If I delete this from the blast.output file you sent me, then your 
example code works fine.

If you are running the blast search separately, and then trying to parse 
the output in Python, this short term fix should get you up and running.

You could also try getting BLAST to produce XML output.  There was a 
recent post on the list where someone was having problems with that and 
multiple inputs, and a suggestion to cope.

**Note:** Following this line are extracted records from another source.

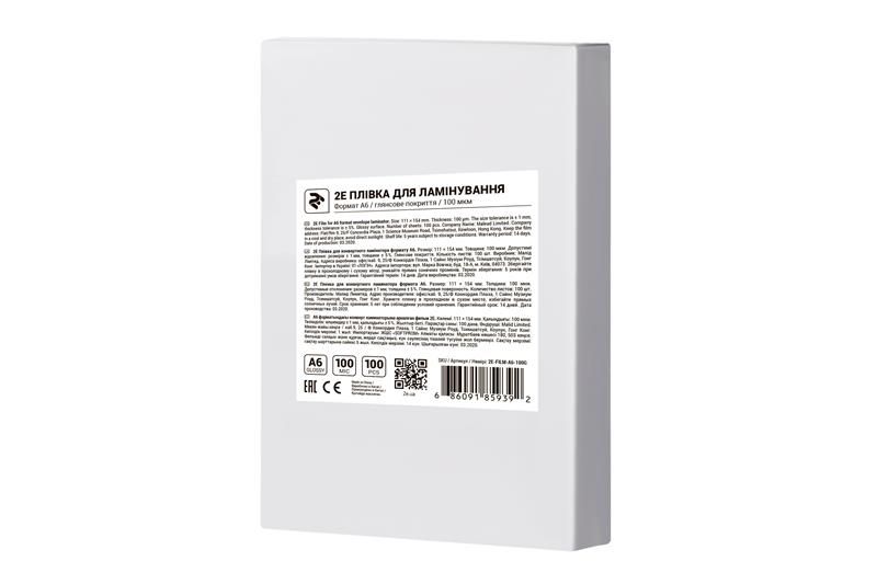 Плівка для ламінування 2E (2E-FILM-A6-100G), A6, глянцева, 100мк, 100 шт
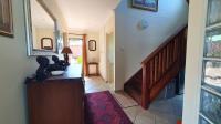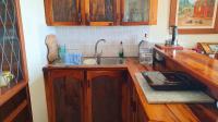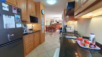 The modern kitchen is fitted with granite countertops, custom wooden cabinetry, a gas hob, electric oven, and an integrated indoor braai that links the kitchen and dining area. Plumbing is in place for a dishwasher.
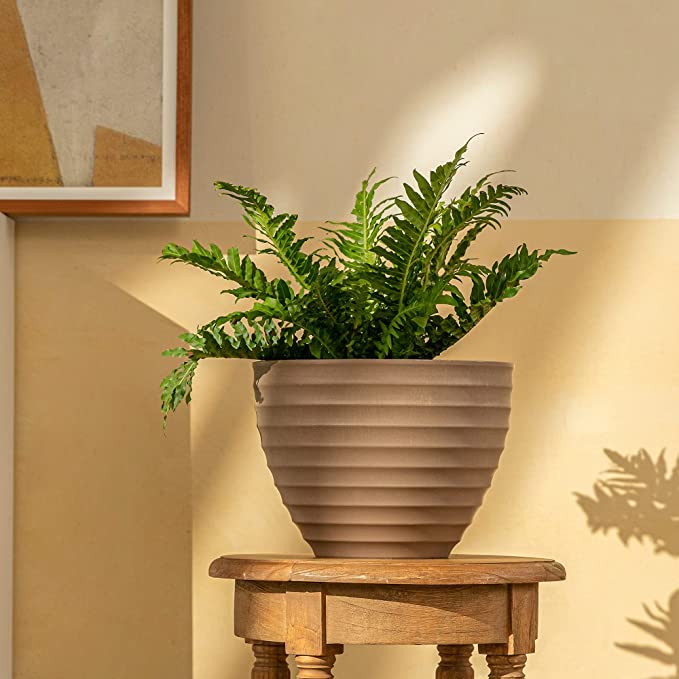 Horizontal Ridge Design - The minimalist style pairs beautifully with the ridged taupe finish in modern home and garden decor with your favorite greenery as the centerpiece of the space.

I have logged a bug for this issue (and attached your test file to it):

http://bugzilla.open-bio.org/show_bug.cgi?id=1929

Hopefully someone will tackle this soon - I'm off sick today, and should 
really be resting.

Peter

Alessandro S. Nascimento wrote:
> Hi Peter,
> 
> as you will see in the attached script file, I tried two parse my blast 
> output into tow ways described in the biopython cookbook.
> I'm using linux Kubuntu, python 2.4.2. I'm not completely sure about my 
> biopython version, cause it was installed from debian repositories 
> through apt-get, but it seems to be version 1.30.
> 
> I also performed Blaspgp search separately using parameters "blastpgp -i 
> seqinput -o blast.output -j 50  -v 10000 -b 10000 -d ../db/nr -h 0.001". 
> A smaller blast result which gives me the same result from my python 
> script is also attached.
> 
> My desire is to get a large number of sequences using blastpgp, filter 
> them by length and identities (e.g. > 30 and < 90), comparing the 
> results one to another using blast2seq and align them using clustalw for 
> statistical aanalysis. I have tried to do it using bioperl, but get some 
> bugs when working with a large number of sequences. Then, I am trying 
> python now. This should be something quite simple.  (I guess)
> 
> Any help will be very appreciable!!!!
> 
> Thank you so much,
> 
> 
> Alessandro